# Why pay more?



## Bluepine38

I agree, I put one on the rebuilt Delta 6" jointer and it works great. HF just put a store in Missoula about 
4 months ago, so I do not have the shipping issue.

As ever, Gus the 71 yr young laborer, trying to become a carpenters apprentice.


----------



## ducky911

Hi,

I have just finished a tune up on my table saw and I bought this belt and it is very good. After I got it I bought new pulley set that came with a belt---- exact same belt

The pulley set gave me mere power on my 30 year old contractor craftsman. And the belt made it run smoother.

Harbor freight is so good whish they get into more wood working stuff.

Bob


----------



## IrreverentJack

Thanks for this review. I've been looking at this for a while and wondering how it compares to my red belt. If it goes on sale I'll try it out. -Jack


----------



## Jimi_C

Interesting, I didn't know HF had a version of this. I'll need one if I ever get around to finishing my bandsaw, I'll definitely grab one from them.


----------



## Bryan_M

I buy the same belts. They work great. Don't know if anyone noticed but mine actually said "made in the USA"


----------



## Kentuk55

Very good review. Thnx. How long have you had this green belt on your (how old is your craftsman TS?) saw? I read somewhere long, long ago, that these types of belts would get ate up by the pullys…. huh… maybe not…. appreciate your feedback


----------



## lovinmrv

Hi Roger, thanks.

I installed the belt yesterday, so this is not an extended use review.

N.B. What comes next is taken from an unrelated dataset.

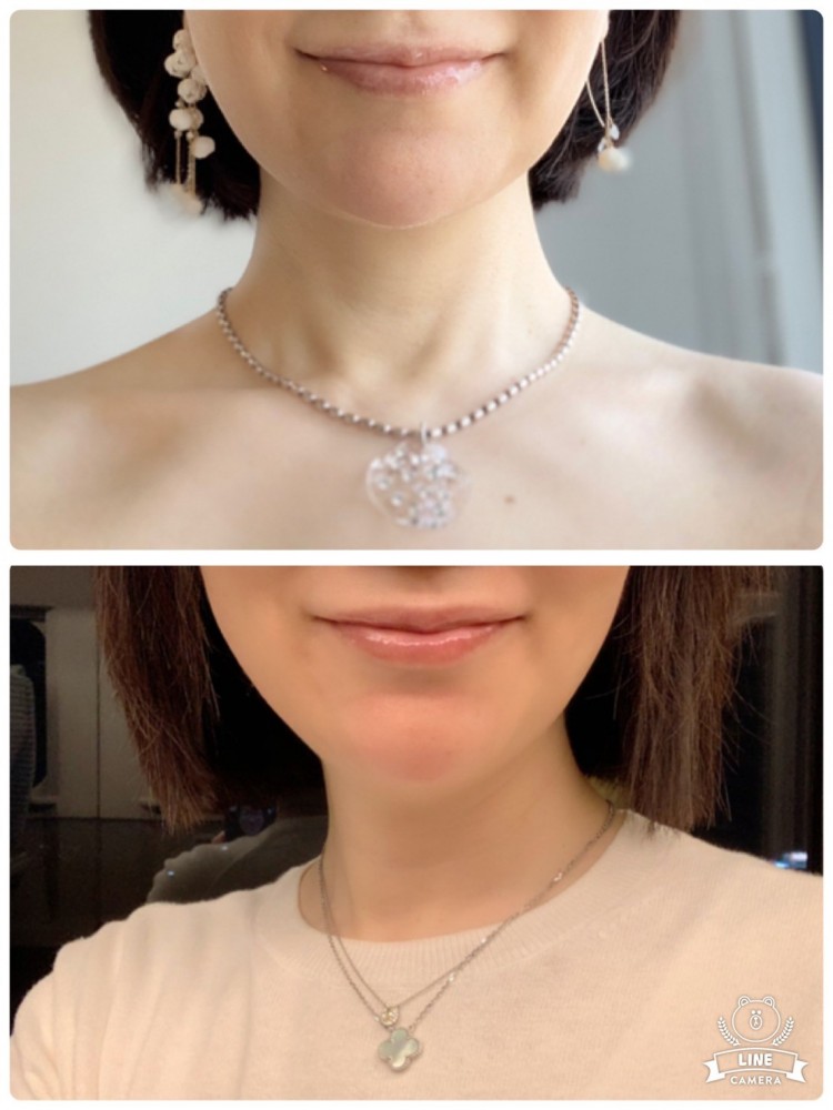 エリイさんはピアスの穴が空いていないのでイヤリング2種類の中から問答無用でブルベースのカラーのイヤリングを(笑)
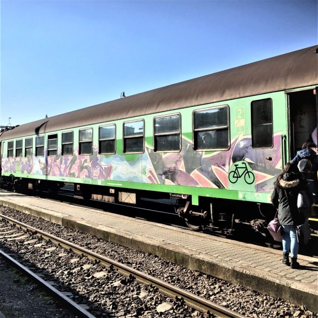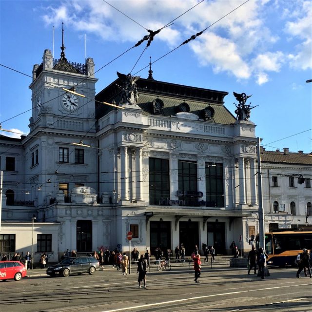 Aus dem slowakischen Nitra (Neutra) ging es am fünften Märzmorgen per Bahn via Nové Zámky (Neuhäusl) ins tschechische Brno (Brünn). Das Ticket hatte ich – wie fast alle auf dieser Tour – bei der tschechische Staatsbahn České dráhy im Voraus online gekauft. Dieses kostete umgerechnet 13,12 € und um 10:03 Uhr sollte am Nitraer Bahnhof Abfahrt sein. Leider startete der Regionalzug im ersten Reisesegment mit 30 Minuten Verspätung und holte bis Nové Zámky auch nichts mehr auf (Ankunft nun 11:16 Uhr statt 10:46 Uhr). So halfen mir selbst großzügige 25 Minuten Umstiegszeit nicht mehr und weil der nächste EuroCity nach Brno erst 13:11 Uhr fahren sollte, durfte ich nun 115 Minuten in Nové Zámky verbringen.

I'm guessing that the saw is 25 years old. I'll do a search on the model and serial number search and report back.


----------



## a1Jim

good Idea.


----------



## Kentuk55

thnx a bunch for the response. my saw (craftsman) is/was made back in the '50's to the best of my knowledge. I bought it off a friend whom the saw was left to when he passed. Anyway, I've added the Beisemeyer fence to it, which really helped a bunch. It purrs pretty good. I'll be happy to hear how your belt holds up. Maybe you can "clock" your hours or somethin…. ruff guestimate would be fine I guess. I would definately check your pulley everytime you turn this on….. just to be safe. Keep me posted. Thnx again


----------



## Lochlainn1066

Wow, for $4/ft I will have to start upgrading more of my tools. I love link belt but it's usually expensive. Sometimes HF has gems among the TSO's (Tool Shaped Objects).


----------



## dlmckirdy

I don't know what took so long on the shipping. I just bought a bandsaw riser block kit from HF and it arrived in two days. I bought the bandsaw in the local (Bakersfield, CA) store, but you have to order the riser kit from HF Corporate.


----------



## RandyMarine

I have been looking for some cheap link belts for my tools…I wasn't going to pay some of the rediculous prices some companies want. Thanks very much for the review! I will go to HF today and pick one up for my Jointer…that thing vibrate like a beast.


----------



## nmkidd

Thanks for the tip….......need one of these for a jointer i'm refurbing!!!..........Harbor freight has a store close by so next trip will see one of these in my shop!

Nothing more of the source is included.